The US Supreme Court decided to intervene in several important business disputes, on Friday, including lawsuits that could be worth billions of dollars to pharmaceutical and tobacco companies.
The court will decide whether to shield drugmakers from many costly patient lawsuits, agreeing to hear Wyeth v Levine, a case that tests whether companies are protected from liability when federal regulators have approved the label on a drug. The Vermont Supreme Court upheld a $6.8m damages award against Wyeth over the use of its anti-nausea drug.
But Wyeth is not the only drug company facing lawsuits that question the adequacy of federally approved drug labels. Wyeth, Merck and other drugmakers face thousands of such suits potentially worth billions of dollars. The issue in the case is whether state law claims are pre-empted under federal law.
Wyeth said in court papers that the Vermont ruling “would empower courts to review and override FDA’s careful and comprehensive balancing of safety and effectiveness concerns in prescription drug labelling.’’
US drug law forbids states from making rules that create a “direct and positive conflict’’ with federal requirements.
The US Chamber of Commerce had urged the Supreme Court to take up the case, which is expected to be heard either in April, or early in the court’s next term which begins in October.

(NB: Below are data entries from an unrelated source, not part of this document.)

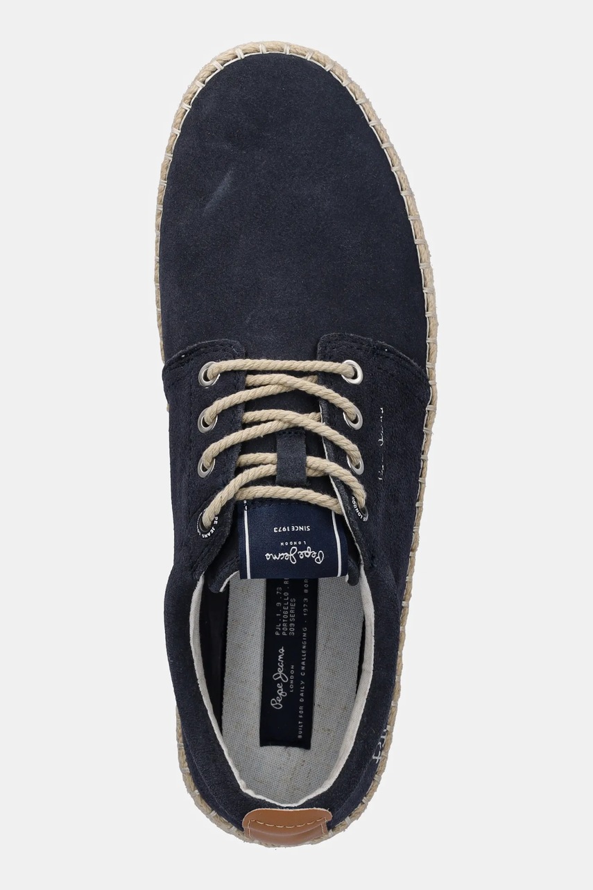 Co wyróżnia zamszowe espadryle Pepe Jeans?Cholewka z naturalnej skóry zamszowej oraz licowej gwarantuje trwałość, przyjemne dopasowanie do stopy i subtelnie elegancki wygląd nawet po wielu sezonach użytkowaniaGumowa podeszwa zewnętrzna zapewnia elastyczność, doskonałą przyczepność oraz bezpieczeństwo na różnych nawierzchniach podczas codziennych aktywnościUniwersalny styl casual doskonale współgra zarówno z jeansami, jak i letnimi szortami czy lnianymi spodniami, sprawdzając się w codziennych stylizacjach i podczas letnich wyjazdówPłaska podeszwa bez obcasa pozwala na naturalny chód i komfort nawet przez wiele godzin noszeniaNiska wysokość cholewki do kostki podkreśla zgrabną sylwetkę stopy oraz ułatwia szybkie zakładanie i zdejmowanie butówWnętrze z miękkiego materiału tekstylnego wspiera oddychalność i odprowadzanie wilgoci, zapewniając świeżość nawet w cieplejsze dniWkładka z materiału włókienniczego dba o wygodę każdego kroku i chroni przed otarciami w trakcie codziennego użytkowaniaOkrągły, miękki nosek daje palcom więcej przestrzeni, podnosząc komfort i minimalizując uczucie ucisku przy dłuższym chodzeniuSznurówki umożliwiają indywidualne dopasowanie szerokości do stopy, gwarantując stabilność i pewność podczas użytkowaniaJednolita, gładka powierzchnia zamszu nadaje butom ponadczasowy, elegancki charakter oraz ułatwia stylizowanie na różne okazjeUsztywniony zapiętek chroni stopę i stabilizuje piętę, zwiększając trwałość całego modelu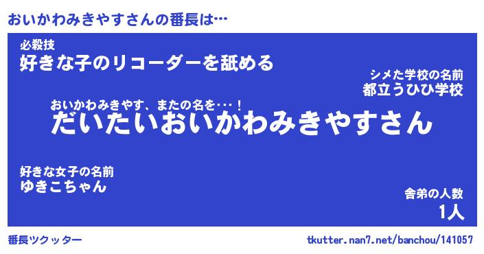 | 意味不明あだ名 | 『ペロリンおいかわみきやす』 |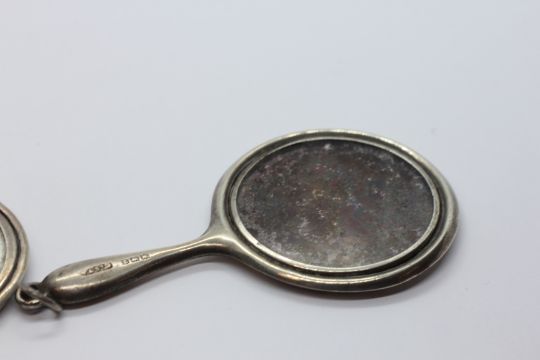 TWO MINIATURE SILVER MOUNTED CHANTELAINE HAND MIRRORS.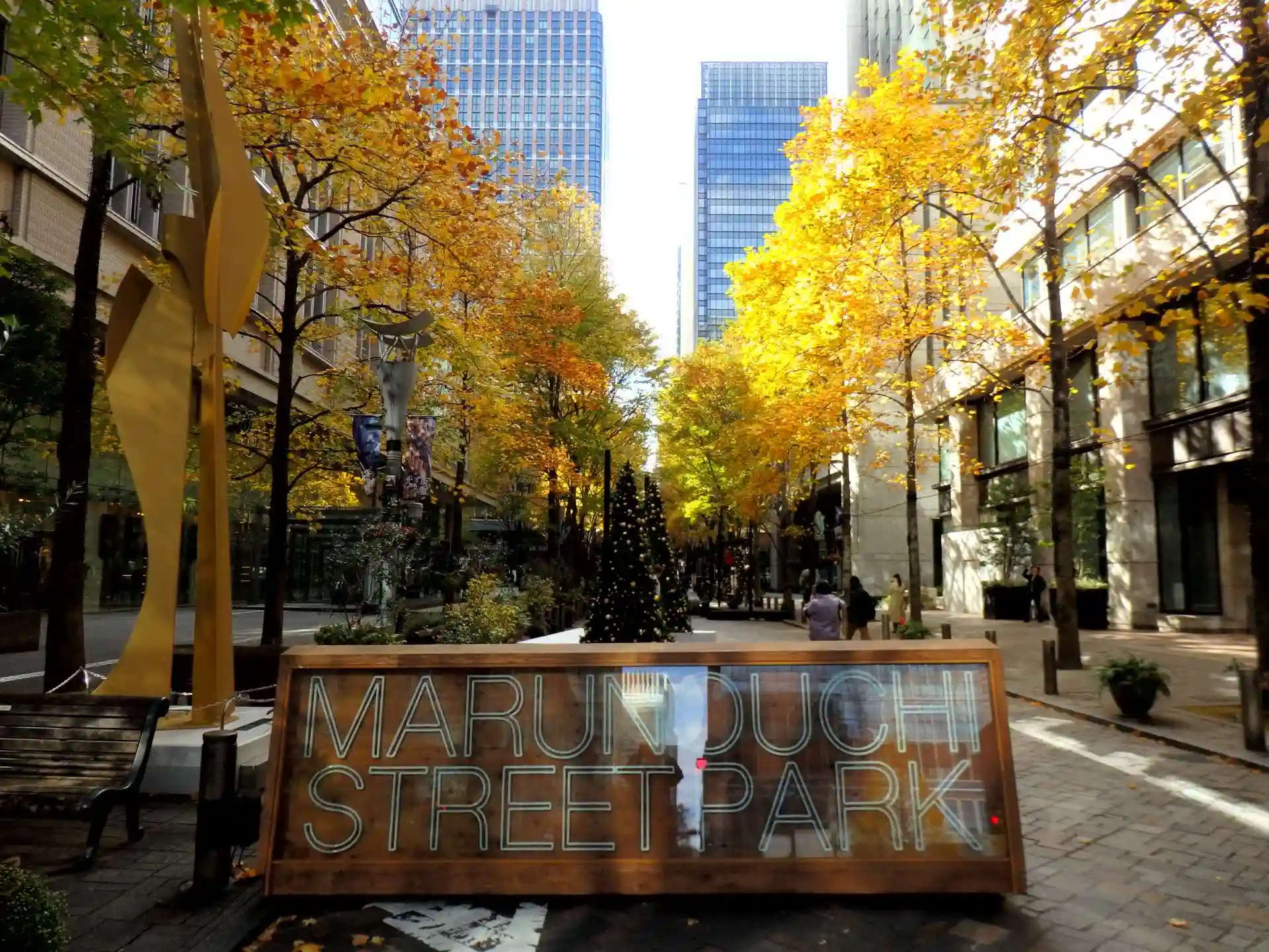 丸の内。クリスマス飾りと紅葉が一緒に見れる年になりました。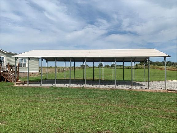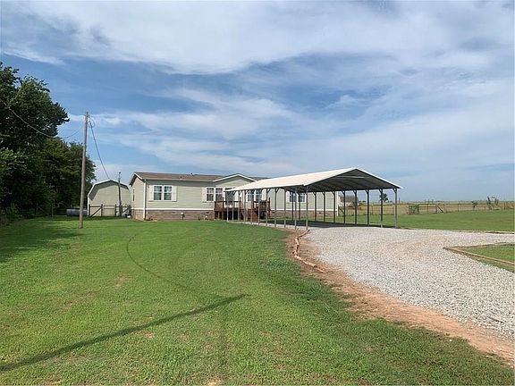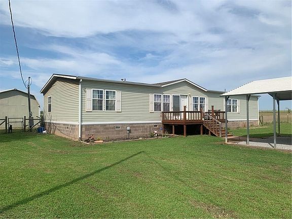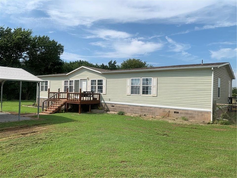 Super nice spacious double wide with block skirting in great condition set up on a permanent foundation to qualify for VA/FHA financing. Enjoy the country life with a great view and privacy but still less than a mile off pavement and town. All bedrooms are good size with good size closets. Nice open concept with large kitchen and dining room which flows nicely into the living room. New HVAC system installed in July 2019, new aerobic septic system installed in 2015. NEW granite counters in bathrooms. Large fenced in back yard features chicken coop, in ground storm shelter, nice wooden approx. 10 X 12 storage building and another larger outbuilding with separate office area with air conditioner and heater with attached dog kennel. Enjoy your morning coffee on your front deck with a nice view. Circle drive with 4 car carport. In addition, seller is leaving refrigerator, washer/dryer and a 2016 John Deere Z335M Z Trak zero turn radius mower!

The court is already considering a similar case involving federal pre-emption, which will test whether medical device makers can be shielded from lawsuits over products cleared for sale by the Food and Drug Administration.
Robin Conrad of the National Chamber Litigation Center, the US Chamber of Commerce’s legal arm, welcomed the decision to hear the Wyeth case and other business cases on Friday.
“The court is taking so many important business cases and particularly in the area of federal pre-emption,” she said. “The court seems to understand the impact of these issues on a global economy.”
The court also agreed to hear another pre-emption case involving cigarettes on Friday. That case, Altria Group v Good, could determine whether tobacco companies are shielded from lawsuits seeking billions of dollars over the marketing of “light” cigarettes.
The case involves Maine smokers’ claims that Philip Morris, the largest US cigarette maker, fraudulently portrayed light cigarettes as safer than others. It could determine the fate of some 30 other similar lawsuits against other cigarette-makers.
Philip Morris says federal law pre-empts the suit, which was brought under state consumer protection law.